From Ortho, Makers Of America's Favorite Herbicide, Comes America's Favorite DIY PoMo Cradle

When you're a dad-to-be with a nursery to outfit, the most important thing is to go with a name you can trust. That's why Ortho, a division of the Chevron Chemical Corporation, and the maker of Round-Up, America's favorite herbicide, created How to Design & Remodel Children's Rooms.


In 96 info-packed pages, Ortho's editorial team will show you how to plan, design, and make furniture for kids from ages zero to "Uh-oh, he needs to go! Better pull into that Chevron!"

If you can get past the WTF? Ortho Books? Chevron changing table? factor--and clearly, I can't, but at least it's amusing me--then some of the designs are not half bad. There's a changing tabletop, a storage cart, and a funky ziggurat-shaped table & chair set that could be tweaked into something nice. There's a kinda sweet crib/dresser, too, that converts to a toddler bed [I'll post that scan later.]


And there's this "enduring, classically styled" cradle, which either looks as fresh as you could get in 1988, when the book was published, or is a hopelessly post-modern product of its times.

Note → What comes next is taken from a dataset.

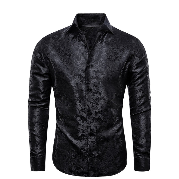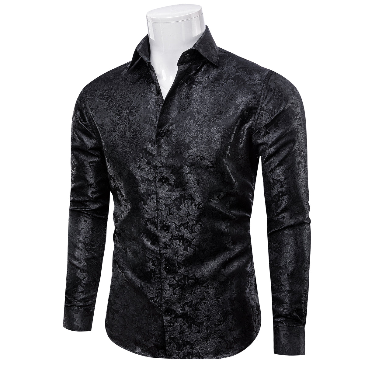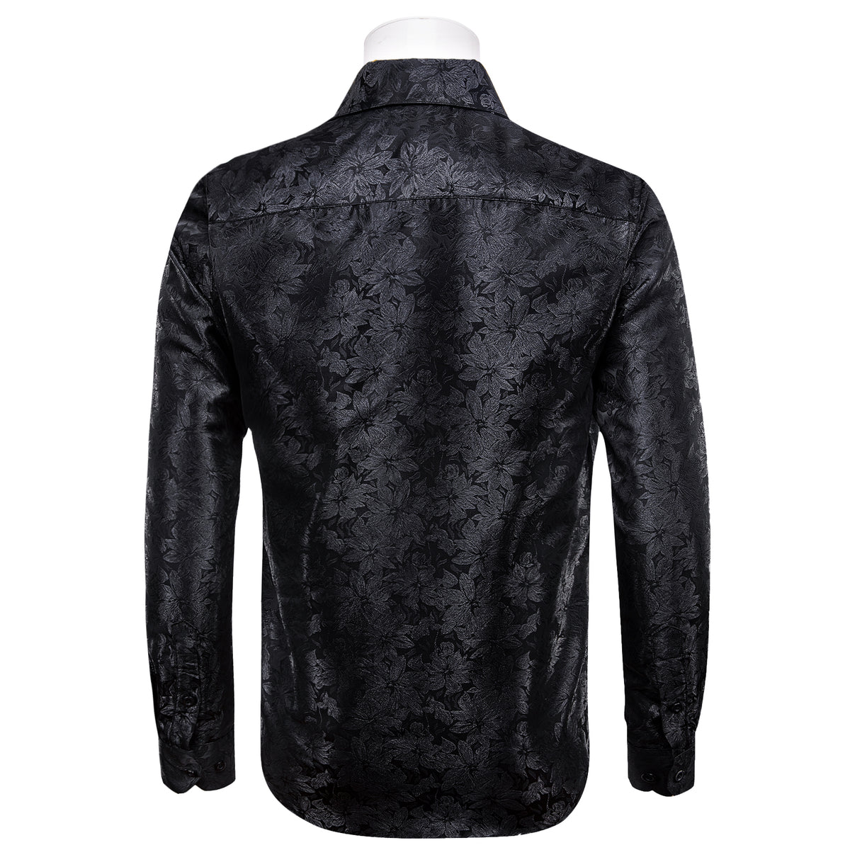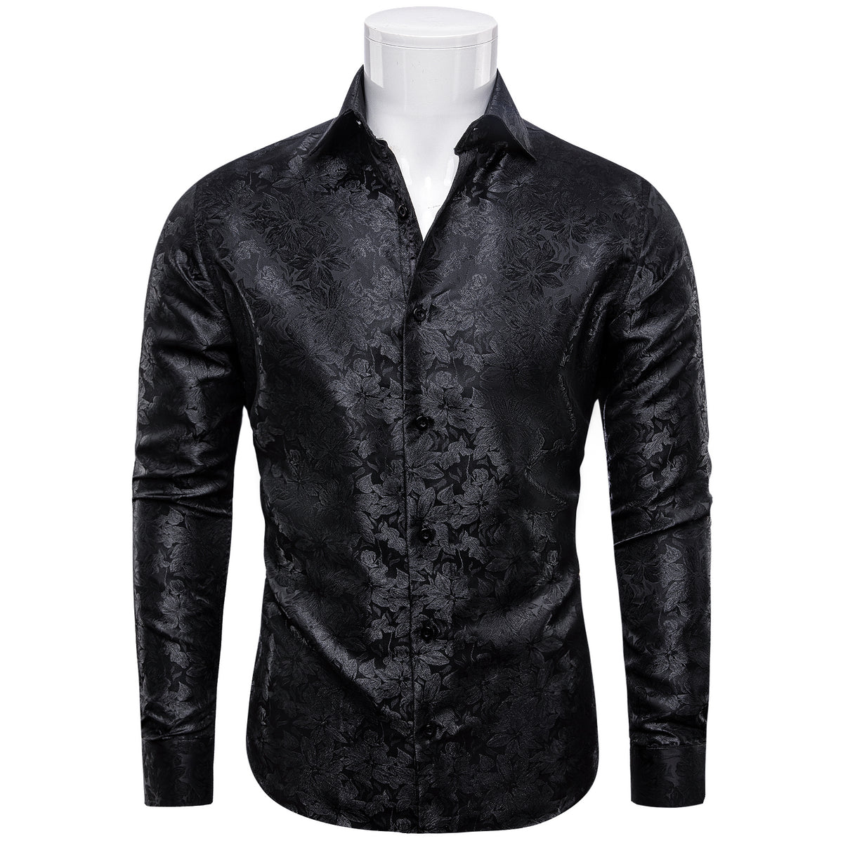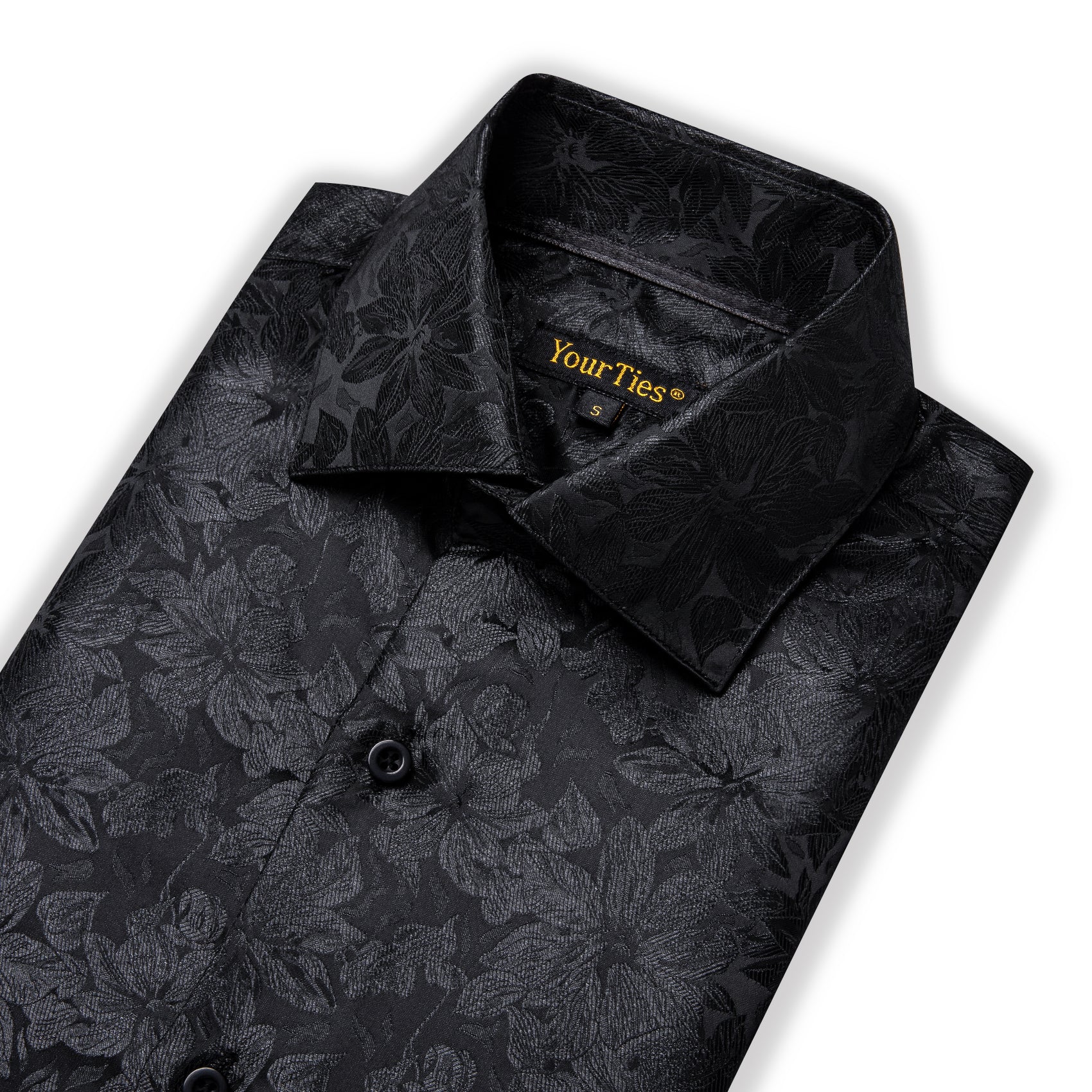 YourTies Black Shirts Floral Men's Windsor Collar Long Sleeve Shirt

And what times they were. When Baby Boomers turned to Ortho Books, not just for backyard advice on cultivating perennials, or building elaborate play equipment [pub. 1986, I'll get to that one, too], but for crib plans and toys, even insights on raising their kids. From the section on siblings sharing a room:

The temperaments of children, even though they are in the same family, may vary greatly...Teaching children to be thoughtful of others' belongings and cooperative about sharing space can go a long way toward keeping conflicts down to a minimum, but it won't necessarily eliminate them--sometimes a permanent, substantial divider is the best solution.
Anyway, the irony--or one of the ironies--of this wild brand mismatch is that Chevron later sold its Ortho division to the one industrial conglomerate even more incongruously associated with the circa 1980's American Dream, Monsanto. For Monsanto's all-plastic House of the Future at Disneyland, built in 1957, 1985 was the future. The company later dumped Ortho--but kept a hand in the Round-Up business--onto Scotts, the Miracle-Gro people. At the moment, there are over 300 search results for Ortho Books on Amazon, which seem to be going strong.

1 Comment

What is that, 3/4-inch plywood? Better be sure your floors are rated for that load. (That's what SHE said!)